August 2, 2010
STATE OF NEW JERSEY, PLAINTIFF-RESPONDENT,
CHRISTOPHER STOKES, DEFENDANT-APPELLANT.
On appeal from Superior Court of New Jersey, Law Division, Criminal Part, Hudson County, Indictment No. 02-11-2635.
NOT FOR PUBLICATION WITHOUT THE APPROVAL OF THE APPELLATE DIVISION
Submitted May 11, 2010
Before Judges Parrillo and Lihotz.
Defendant Christopher Stokes appeals from the denial of his petition for post-conviction relief (PCR) without benefit of an evidentiary hearing. We affirm.
Following a jury trial,*fn1 defendant was convicted of armed robbery, N.J.S.A. 2C:15-1 (count one); carjacking, N.J.S.A. 2C:15-2 (count two); third-degree theft by unlawful taking, N.J.S.A. 2C:20-3 (count three); third-degree unlawful possession of a weapon, N.J.S.A. 2C:39-5(b) (count four); second-degree possession of a weapon for an unlawful purpose, N.J.S.A. 2C:39-4(a) (count five); and third-degree possession of a controlled dangerous substance (CDS), N.J.S.A. 2C:35-10(a)(1) (count eight).*fn2 The jury found defendant not guilty of impersonating a police officer, N.J.S.A. 2C:28-8(b) (count seven). After the merger of appropriate offenses, defendant was sentenced to an aggregate extended term of thirty years incarceration subject to an eighty-five percent period of parole ineligibility under the No Early Release Act (NERA), N.J.S.A. 2C:43-7.2.
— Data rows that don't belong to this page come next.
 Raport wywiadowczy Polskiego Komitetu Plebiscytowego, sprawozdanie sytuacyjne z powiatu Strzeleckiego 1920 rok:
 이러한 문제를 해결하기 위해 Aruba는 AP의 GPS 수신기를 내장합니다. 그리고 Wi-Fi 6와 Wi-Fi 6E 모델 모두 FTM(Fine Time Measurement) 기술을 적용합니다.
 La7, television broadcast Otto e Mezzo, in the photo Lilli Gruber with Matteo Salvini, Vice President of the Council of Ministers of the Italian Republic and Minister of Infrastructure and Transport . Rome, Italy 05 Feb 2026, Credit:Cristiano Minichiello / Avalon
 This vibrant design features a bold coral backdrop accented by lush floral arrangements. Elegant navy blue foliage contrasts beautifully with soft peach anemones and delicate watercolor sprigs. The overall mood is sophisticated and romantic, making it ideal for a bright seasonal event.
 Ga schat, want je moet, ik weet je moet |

On direct appeal, we affirmed defendant's conviction and sentence. State v. Stokes, Docket No. A-6021-04T4 (App. Div. Nov. 20, 2006) (slip op. at 9). We need not repeat the facts supporting defendant's conviction, noting they are extensively set forth in our unpublished opinion. Id. at 2-6. Certification was denied. State v. Stokes, 189 N.J. 647 (2007).
Defendant filed a pro se petition for PCR alleging ineffective assistance of trial counsel, including the failure to properly investigate various factual assertions regarding the alleged owner of the property and to assert equal protection arguments. Ineffective assistance of appellate counsel was asserted for the failure to present trial deficiencies. The trial judge reviewed the PCR petition and denied relief without the need of an evidentiary hearing.
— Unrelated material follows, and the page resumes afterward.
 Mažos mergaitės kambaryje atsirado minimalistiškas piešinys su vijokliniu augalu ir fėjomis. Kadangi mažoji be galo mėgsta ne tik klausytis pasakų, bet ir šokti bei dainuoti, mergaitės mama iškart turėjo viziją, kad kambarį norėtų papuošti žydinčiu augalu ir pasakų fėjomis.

On appeal, defendant presents the following points for our consideration:
THE PCR COURT ERRED IN DENYING POST CONVICTION RELIEF BASED ON TRIAL COUNSEL'S FAILURE TO FILE ANY PRETRIAL MOTIONS TO SUPPRESS THE EVIDENCE OR TO SUPPRESS THE OUT OF COURT IDENTIFICATIONS OF DEFENDANT AND TRIAL COUNSEL'S UNTIMELY MOTION TO SEVER THE DRUG COUNTS FOR TRIAL.
THE PCR COURT ERRED IN FAILING TO CONDUCT AN EVIDENTIARY HEARING ON TRIAL COUNSEL'S FAILURES TO FILE MOTIONS TO SUPPRESS EVIDENCE, FOR A WADE HEARING AND A TIMELY MOTION FOR SEVERANCE OF THE DRUG COUNTS.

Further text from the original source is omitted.